Concept of Diathermia

In spite of different expressions  being used in text books, since the beginning of the 20th century already the concepts of Diathermia, Hyperthermia and Endogenous Thermotherapy have been linked to electromagnetic fields of elevated frequencies, applied to the organism’s tissues. The purpose of this application is the augmentation of the internal temperature in order to thusly induce the various therapeuthic effects.

In the case of CAPENERGY, we are talking about a device that generates an alternating current with a frequency of 0,8 MHz, 1 MHz and 1,2 MHz, creating an application current. This circuit includes a pair of electrodes to apply the mentionned alternating high frequency on the patient’s body, which becomes a part of the electrical circuit.

There are different types of electrodes : the metal electrodes, which allow the metal to be in direct contact with the body (direct coupling mecanism or resistive coupling) and isolated metal electrodes which, thanks to insulation, do not allow the metal to enter in direct contact with the body (capacitive coupling)

The insulated electrodes differ in shape and surface, and can be applied manually by the operator by a massage or automatically by placing them on the surface of the skin (plate electrodes). In either case, be it metal or insulated electrodes, the body produces a series of physical phenomenos based on the “condensor effect”.

Condensor working

When an alternating current is applied between the cramps of a consendor, every point of a di-electric between the cramps obtains an alternating and variable tension so that every molecule located in the space between the two cramps polarizes into a dipole. This dipole orientates itself according to the applied tension. The change of orientation of the dipoles with the alternating tension allows for the passage of the current through the condensor.

We therefore make use of an electrolytical displacement of a second type: the human body. The second class conductors are those in which the transportation of the current takes place through a physical displacement of ions through a liquid. We consequently have a two-way current passage, joined to the physical movement of the ions, which is slower than the movement produced in first class conductors.

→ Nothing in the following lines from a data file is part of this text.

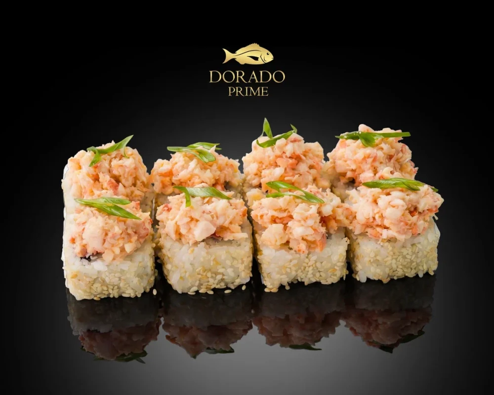 Внутри скрывается дуэт из нежной креметты и свежего огурца. Сверху ролл увенчан тартаром из креветки, заправленным пикантным спайси-соусом. Перья зеленого лука служат свежим акцентом и завершающим штрихом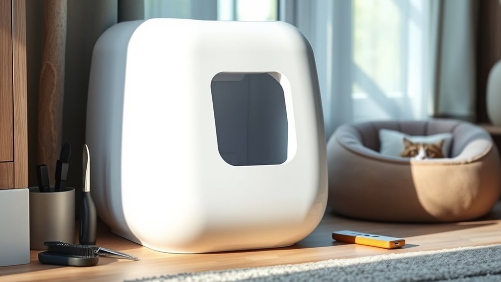 When selecting a smart cat litter box, ease of maintenance is a key factor that can save you time and frustration. I look for models with removable, washable components that make cleaning straightforward. Auto-cleaning features, like timers or sensors, help reduce manual scooping, keeping the litter box fresh with minimal effort. An accessible waste bin that holds several days’ worth of waste means fewer trips to empty it, which is a huge plus. I also choose designs with clear instructions and minimal disassembly requirements, so upkeep isn’t complicated. Finally, I prioritize units with easy-to-clean surfaces and simple filter or liner replacements. These features ensure that maintaining the litter box remains quick and hassle-free, making pet care more convenient overall.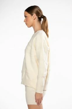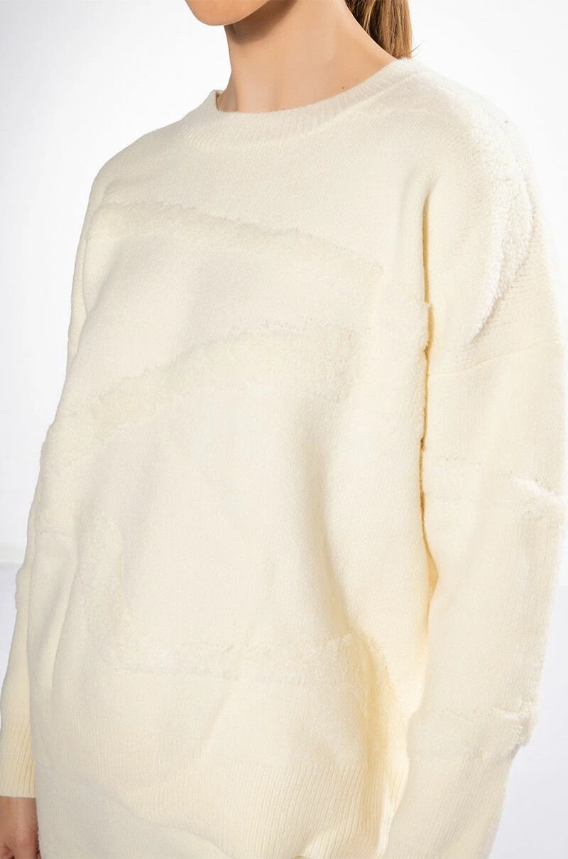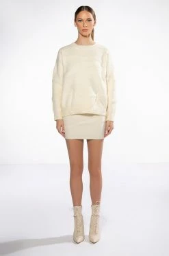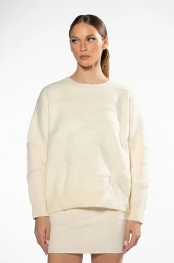 The AKIRA Label Comin In Hot Crew Neck Sweater features a fuzzy knit fabrication, a crew neckline, long sleeves, abstract, textured stripe paneling, an oversized silhouette, and ribbed knit hems. Pair this piece with the matching AKIRA Label Comin In Hot Knit Mini Skirt to complete your cozy look.

This why the intensity of the current which runs through the condensor is called ‘displacement current’.

In this specific case, you could say a condensor (CAPENERGY) is applied to the organism, which, for its part, mainly consists of a series of internal consendors. The simplest example of a condensor is the cell itself – living unit of the human body formed by a fosfolipidic (isolating) membrane and by an internal conductor (cytoplasm), rich in liquids and electrolytes.

High frequency currents

In the Thirties, diathermia becomes a standard method for physical therapy and, in many fields, for medicine and surgery.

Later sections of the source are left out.